From: Dustin Withers
Subject: Tree Creation
Date: 
Message-ID: <1159544167.111023.241480@c28g2000cwb.googlegroups.com>
Hello All,

I'm working on a project to parse EDI documents and I'm learning Lisp
at the same time :) It's not anything that needs to be done quickly (we
are already using an outsourced application) but I would love to use
Lisp in a production environment.

Given this mapping:
(defparameter *850-mapping*
  '((("ISA")
     (("GS")
      (("ST"))
      (("BEG"))
      (("CSH"))
      (("DTM"))
      (("N1"))
      (("PO1")
       (("CTP"))
       (("PID"))
       (("PO4")))
      (("CTT")))
     (("SE"))
     (("GE")))
    (("IEA"))))

And this semi-parsed document:
(("ISA" "00" "          " "00" "          " "ZZ" "AMAZON         " "ZZ"
  "1111           " "0 11126" "1117" "U" "11100" "000000111" "0" "P"
">")
 ("GS" "PO" "AMAZON" "1111" "20060726" "1116" "65001" "X" "004010")
 ("ST" "850" "0001") ("BEG" "00" "NE" "P811711" "" "20060726") ("CSH"
"Y")
 ("DTM" "064" "20060726") ("DTM" "063" "20060802") ("N1" "ST" "" "92"
"TUL1")
 ("PO1" "1" "XX" "EA" "XX" "PE" "UP" "685387094514")
 ("PO1" "2" "XX" "EA" "XX" "PE" "UP" "685387022391") ("CTT" "2" "43")
 ("SE" "10" "0001") ("GE" "1" "65001") ("IEA" "1" "000000065") (""))
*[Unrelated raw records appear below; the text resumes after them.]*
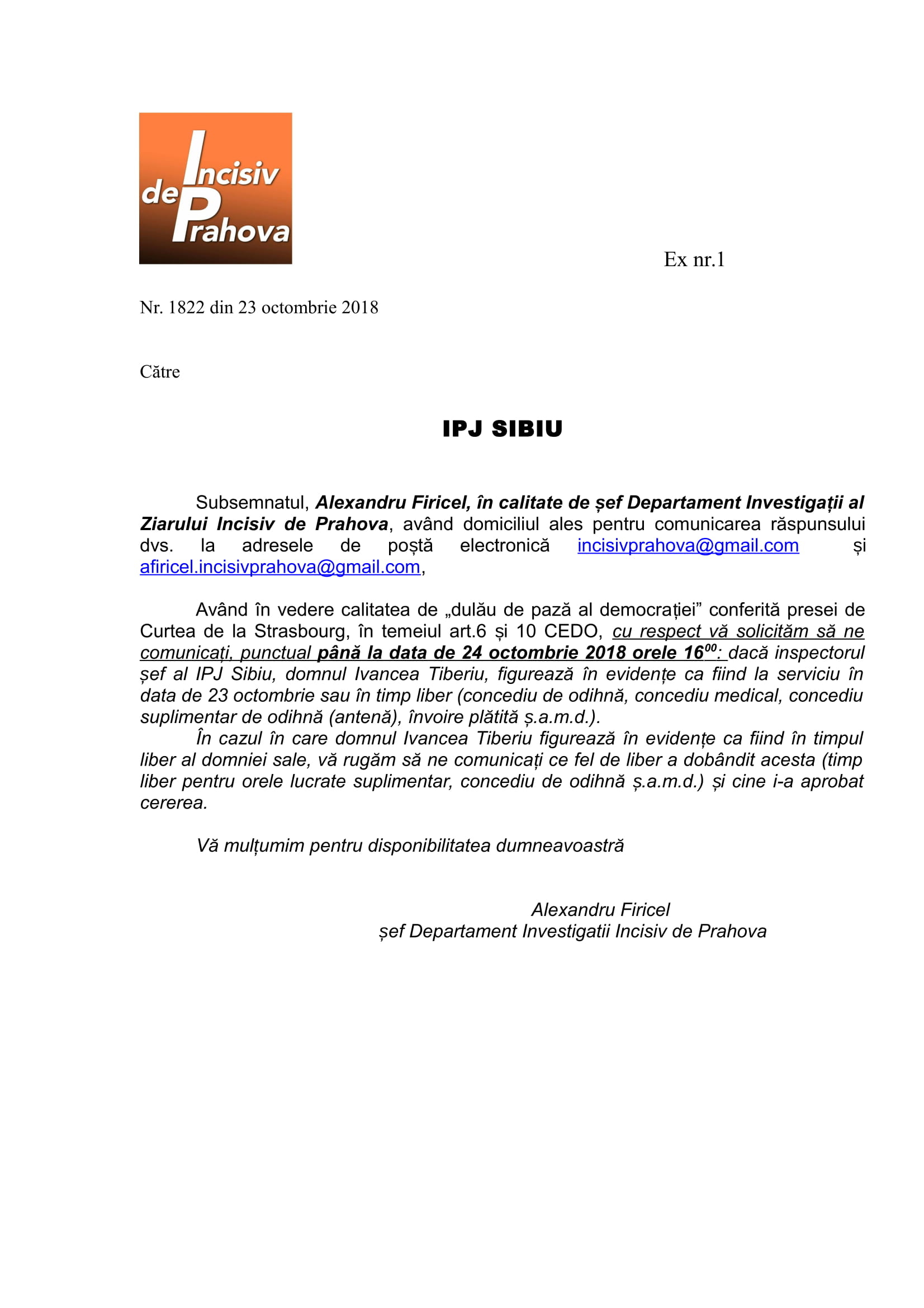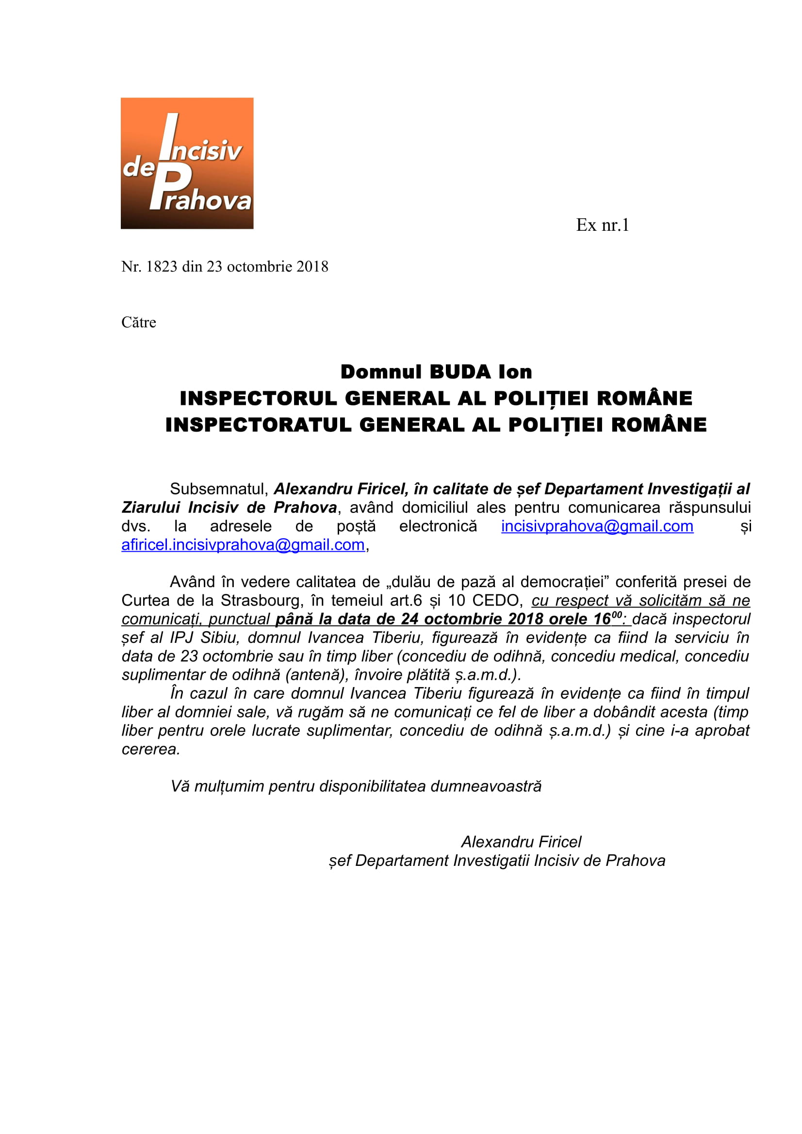 Așa că, am făcut și noi niște solicitări… către IPJ Sibiu și IGPR să ne zică dacă nea’ Ivancea era: liber (dacă da, ce fel de liber) sau figura la locul de muncă… că dacă „pârlitu’ de Răduinea” nu are dreptul să se apere în fața instanțelor de judecată „fiindcă așa vrea nea’ Ivancea”, să știm și noi … și dumneavoastră, cititorii noștri.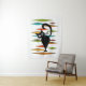 Illustration de style abstrait coloré du milieu du siècle avec chat noir et décoration de losange coloré sur arrière - plan blanc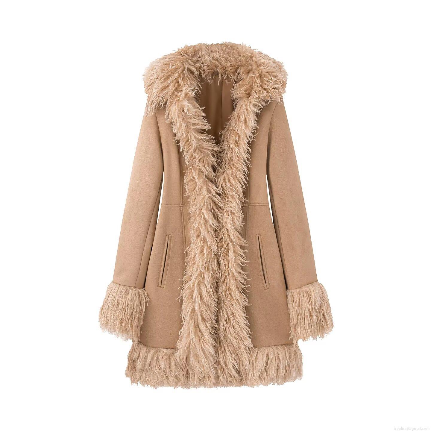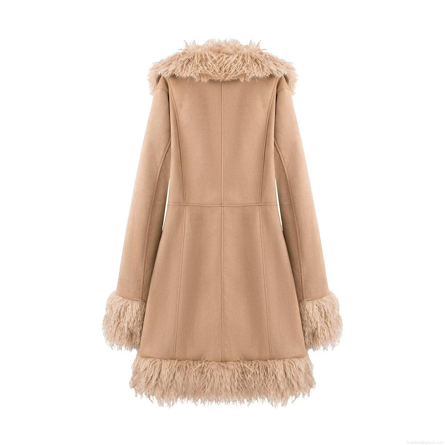 • Women Fashion Faux Fur Patchwork Suede Coat Elegant Lapel Mid-length Winter Warm Suede Plush Trim Outerwear Casual Jacket For Ladies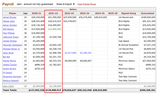 综上分析,掘金休赛期的操作就很明显了。目前,他们下赛季有保障合同在身的球员薪资总和已经超过了1.2亿美元。掘金有可能会跟小波特提前续约留下他,米尔萨普的合同到期,恐怕会自动离队,麦基合同也到期,同样大概率离队。

What might be a good direction for me to head in if I want to turn the
semi-parsed document into:
((("ISA" "00" "          " "00" "          " "ZZ" "AMAZON         "
"ZZ"
	 "1111           " "0 11126" "1117" "U" "11100" "000000111" "0" "P"
">")
  (("GS" "PO" "AMAZON" "1111" "20060726" "1116" "65001" "X" "004010")
   (("ST" "850" "0001"))
   (("BEG" "00" "NE" "P811711" "" "20060726"))
   (("CSH" "Y"))
   (("DTM" "064" "20060726"))
   (("DTM" "063" "20060802"))
   (("N1" "ST" "" "92" "TUL1"))
   (("PO1" "1" "XX" "EA" "XX" "PE" "UP" "685387094514"))
   (("PO1" "2" "XX" "EA" "XX" "PE" "UP" "685387022391"))
   (("CTT" "2" "43")))
  (("SE" "10" "0001"))
  (("GE" "1" "65001")))
 (("IEA" "1" "000000065")))

The mapping will have more nodes than I have here that is just a small
example of all the nodes of an 850.  You'll notice the child nodes of
the PO1(PID and SDQ) are not used in the example document.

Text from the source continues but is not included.